> Task requirements
Nothing but the lines from the first line of the records below to the line holding "It offers exceptional" belongs in the answer, copied exactly and without pictures.
# # #
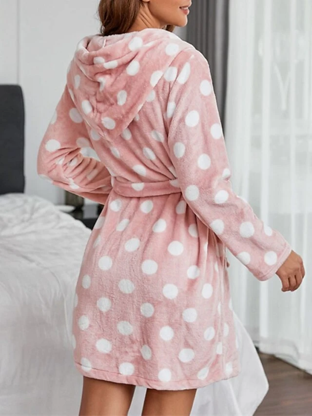 Women’s Robes Gown Pjs Dot Comfort Soft Home Bed Polyester Hoodie Long Sleeve Pocket Hoodie Fall Winter Pink
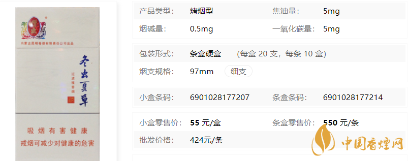 在了解了2020冬蟲夏草(和潤)香煙多少錢一包之后,為了大家能更詳見的了解此煙,小編特意將冬蟲夏草(和潤)香煙核心參數(shù)進行了整理,以便于對它進行更深入的了解。
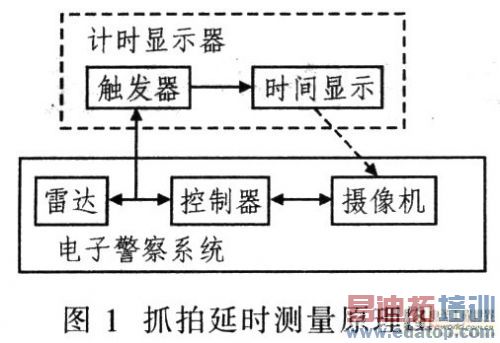图1给出雷达型电子警察抓拍延时测量原理图。其中计时显示器为专门设计的电子装置,它能够从接收到触发信号开始以毫秒为单位计时显示。
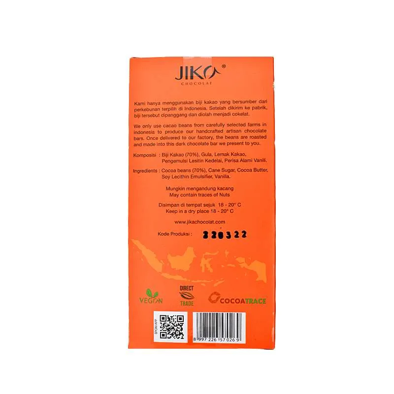Jika chocolate only use the best Indonesian cacao beans sourced directly from the farmers to produce our small batch handcrafted chocolate bar. Ingredients: Cocoa beans, Cane Sugar, Cocoa Butter, Soy Lecithin, Vanilla.
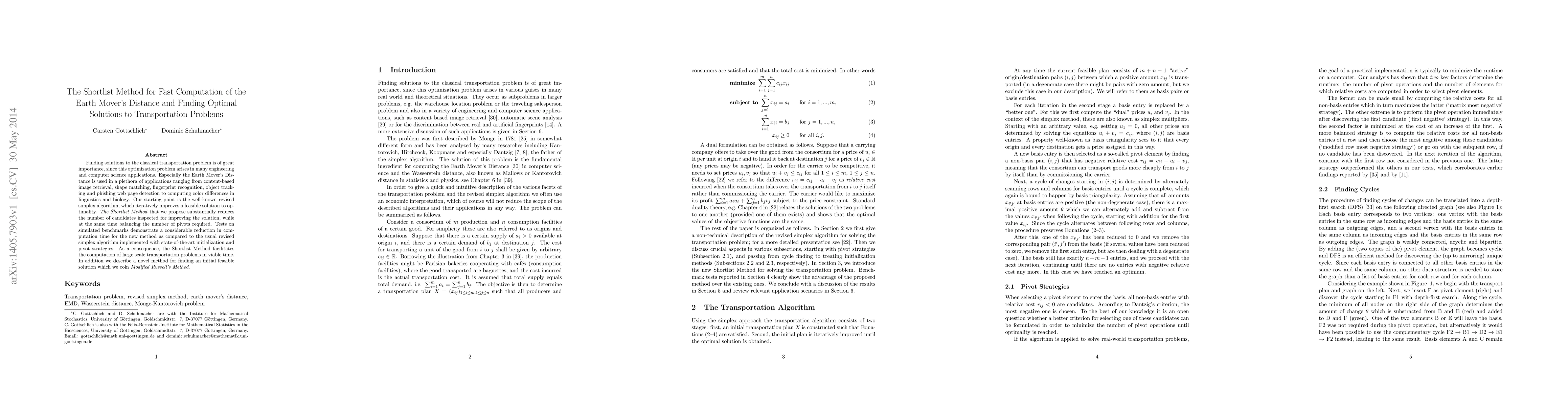 Finding solutions to the classical transportation problem is of great importance, since this optimization problem arises in many engineering and computer science applications. Especially the Earth Mover's Distance is used in a plethora of applications ranging from content-based image retrieval, shape matching, fingerprint recognition, object tracking and phishing web page detection to computing color differences in linguistics and biology. Our starting point is the well-known revised simplex algorithm, which iteratively improves a feasible solution to optimality. The Shortlist Method that we propose substantially reduces the number of candidates inspected for improving the solution, while at the same time balancing the number of pivots required. Tests on simulated benchmarks demonstrate a considerable reduction in computation time for the new method as compared to the usual revised simplex algorithm implemented with state-of-the-art initialization and pivot strategies. As a consequence, the Shortlist Method facilitates the computation of large scale transportation problems in viable time. In addition we describe a novel method for finding an initial feasible solution which we coin Modified Russell's Method.
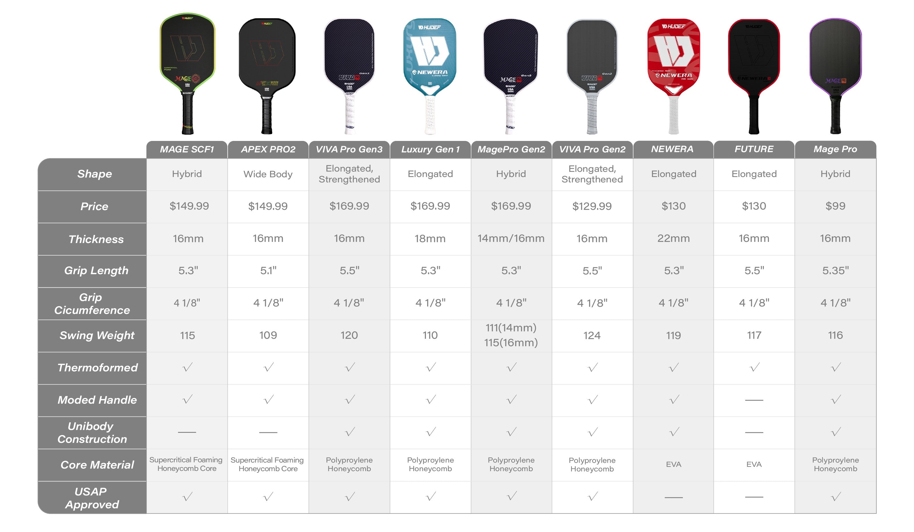 It offers exceptional touch for soft dinks at the kitchen line, yet when you load up for a drive or serve with spin, you'll unleash explosive power that leaves opponents scrambling. Built with a hybrid shape and available in two weight options (8.0-8.2 oz Standard | 8.21-8.4 oz Pro), the Mage SCF1 feels nimble while providing a generous sweet spot for confident play from baseline to net.
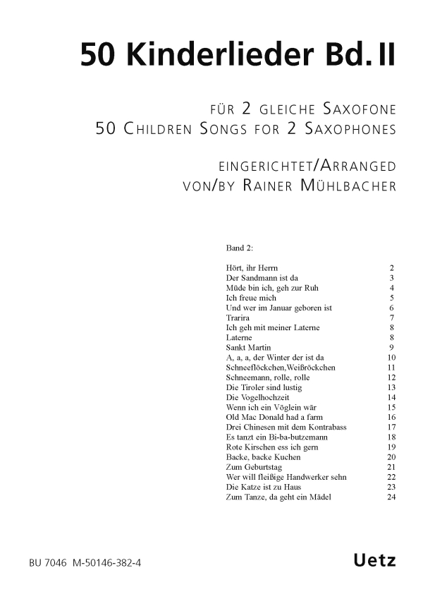 Mühlbacher, Rainer, arr. Sax attack Hört ihr Herrn Der Sandmann ist da Müde bin ich geh zur Ruh Ich freue mich Und wer im Januar geboren ist Trarira Ich geh mit meiner Laterne Laterne Sankt Martin A a a der Winter der ist da Schneeflöckchen Weißröckchen Schneeman rolle rolle Die Tiroler sind lustig Die Vogelhochzeit Wenn ich ein Vöglein wär Old Mac Donald had a farm Drei Chinesen mit dem Kontrabass Es tanzt ein Bi-ba-butzemann Rote Kirschen ess ich gern Backe backe Kuchen Zum Geburtstag Wer will fleißige Handwerker sehn Die Katze ist zu Haus Zum Tanze da geht ein Mädel
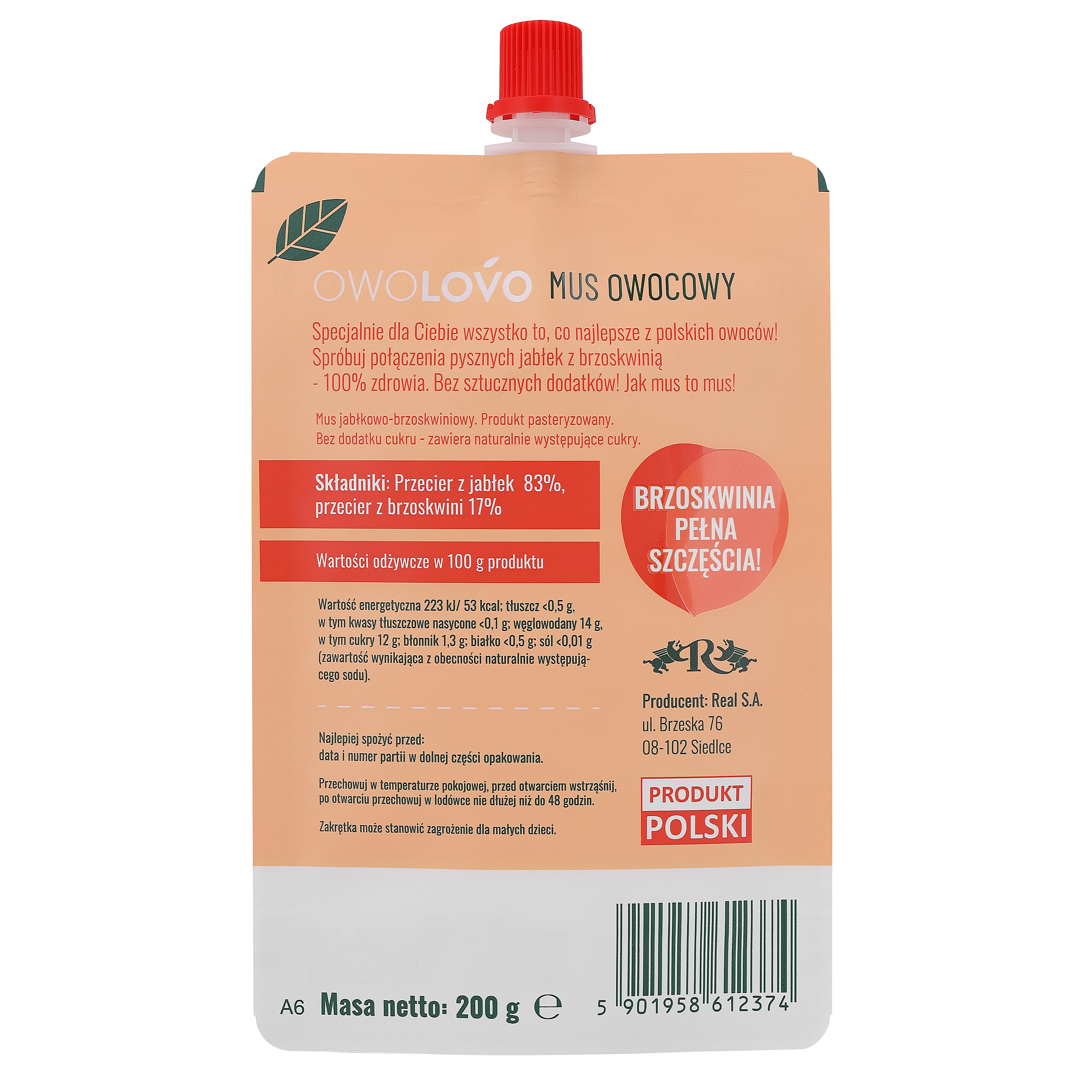 | Krótki opis marketingowy | Brzoskwiniowo * mus jabłkowo-brzoskwiniowy 200g. specjalnie dla ciebie wszystko to, co najlepsze z polskich owoców. spróbuj połączenia pysznych jabłek z brzoskwiniami z sandomierskich sadów – 100% zdrowia. bez sztucznych dodatków! nie zawiera alergenów! |
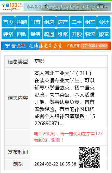 本人河北工业大学(211)在读英语专业大学生,可以辅导小学语数英,初中语英史政,高中英语。本人活泼开朗、做事认真负责。曾有家教经验。有意的补习机构或者个人想补习请联系:15226890871 【电话咨询时,请一定说明在宁晋123看到的,谢谢!】 |
# # #
> Solution to this problem
 Women’s Robes Gown Pjs Dot Comfort Soft Home Bed Polyester Hoodie Long Sleeve Pocket Hoodie Fall Winter Pink
 在了解了2020冬蟲夏草(和潤)香煙多少錢一包之后,為了大家能更詳見的了解此煙,小編特意將冬蟲夏草(和潤)香煙核心參數(shù)進行了整理,以便于對它進行更深入的了解。
图1给出雷达型电子警察抓拍延时测量原理图。其中计时显示器为专门设计的电子装置,它能够从接收到触发信号开始以毫秒为单位计时显示。
Jika chocolate only use the best Indonesian cacao beans sourced directly from the farmers to produce our small batch handcrafted chocolate bar. Ingredients: Cocoa beans, Cane Sugar, Cocoa Butter, Soy Lecithin, Vanilla.
 Finding solutions to the classical transportation problem is of great importance, since this optimization problem arises in many engineering and computer science applications. Especially the Earth Mover's Distance is used in a plethora of applications ranging from content-based image retrieval, shape matching, fingerprint recognition, object tracking and phishing web page detection to computing color differences in linguistics and biology. Our starting point is the well-known revised simplex algorithm, which iteratively improves a feasible solution to optimality. The Shortlist Method that we propose substantially reduces the number of candidates inspected for improving the solution, while at the same time balancing the number of pivots required. Tests on simulated benchmarks demonstrate a considerable reduction in computation time for the new method as compared to the usual revised simplex algorithm implemented with state-of-the-art initialization and pivot strategies. As a consequence, the Shortlist Method facilitates the computation of large scale transportation problems in viable time. In addition we describe a novel method for finding an initial feasible solution which we coin Modified Russell's Method.
 It offers exceptional touch for soft dinks at the kitchen line, yet when you load up for a drive or serve with spin, you'll unleash explosive power that leaves opponents scrambling. Built with a hybrid shape and available in two weight options (8.0-8.2 oz Standard | 8.21-8.4 oz Pro), the Mage SCF1 feels nimble while providing a generous sweet spot for confident play from baseline to net.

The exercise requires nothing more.